#### Dataset records ####

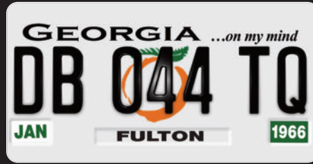
>Georgia... On my mind
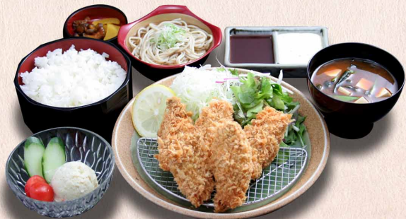
かきフライ御膳 (3個) …1,800円 (税込1,980円) (5個) …2,410円 (税込2,651円)
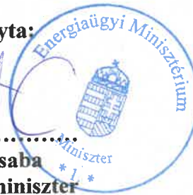
Lantos Csaba energiaügyi miniszter
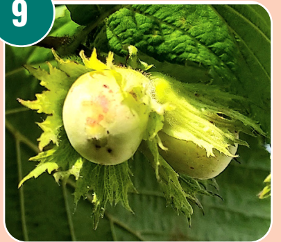
Bilden passar med bokstaven: E
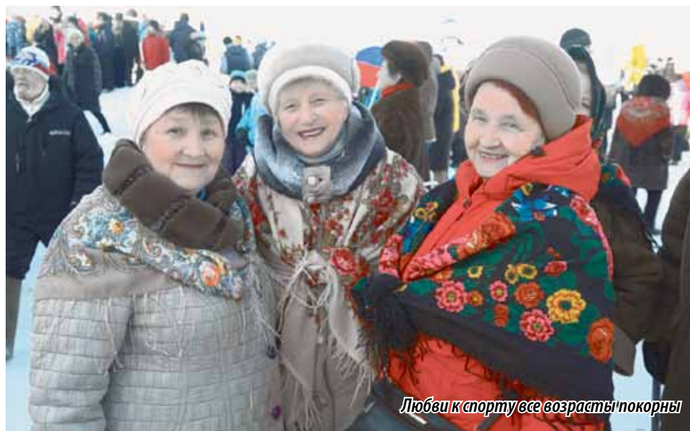
Любовь к спорту все возрасты покорны
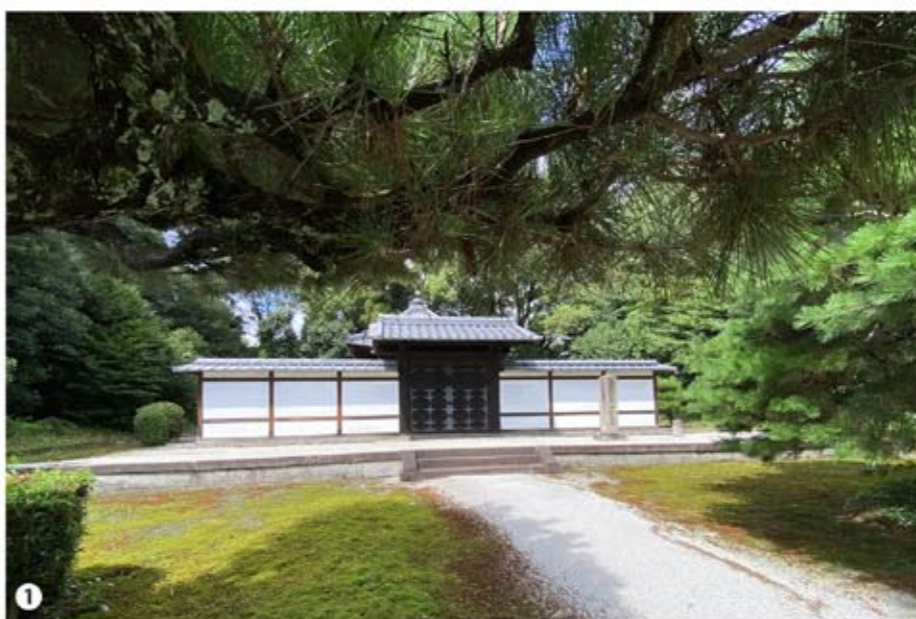
① 堂形の御陵は初めてだ、江戸に改修させただけあり近代的に感じる(笑)。

七三代・堀河天皇の皇子。生後間もなく母の「故子」が没し、祖父の白河法皇(七二代・天皇)の元に引き取られ養育された。誕生七か月で立太子、父の七三代・堀河天皇の死後、わずか五歳で即位する。幼い天皇のため、実際の政務は白河法皇が執った。鳥羽天皇の治世において白河院政が本格化していった。その御陵は宮内庁上の形式は「方形堂」。鳥羽天皇生前に「安楽寿院境内に三重塔(本御塔)」の寿陵を営み、崩御後遺詔により遺骸をこの塔下に納めた。その後、焼失、一六二二年に飯堂が建てられたが、元禄以後、幕末まで「近衛天皇陵」が「鳥羽天皇陵」であると認識されていた。一八六四年の修陵と共に法華堂も立て直され、正式に「鳥羽天皇陵」として修正され、現陵となった。

####

- _Task details_
Your reply should be nothing but the lines from the one containing "① 堂形の御陵は初めてだ、江戸に改修させただけあり近代的に感じる(笑)。" through the last line above, copied exactly; please include both ends.

- _Response area_
① 堂形の御陵は初めてだ、江戸に改修させただけあり近代的に感じる(笑)。

七三代・堀河天皇の皇子。生後間もなく母の「故子」が没し、祖父の白河法皇(七二代・天皇)の元に引き取られ養育された。誕生七か月で立太子、父の七三代・堀河天皇の死後、わずか五歳で即位する。幼い天皇のため、実際の政務は白河法皇が執った。鳥羽天皇の治世において白河院政が本格化していった。その御陵は宮内庁上の形式は「方形堂」。鳥羽天皇生前に「安楽寿院境内に三重塔(本御塔)」の寿陵を営み、崩御後遺詔により遺骸をこの塔下に納めた。その後、焼失、一六二二年に飯堂が建てられたが、元禄以後、幕末まで「近衛天皇陵」が「鳥羽天皇陵」であると認識されていた。一八六四年の修陵と共に法華堂も立て直され、正式に「鳥羽天皇陵」として修正され、現陵となった。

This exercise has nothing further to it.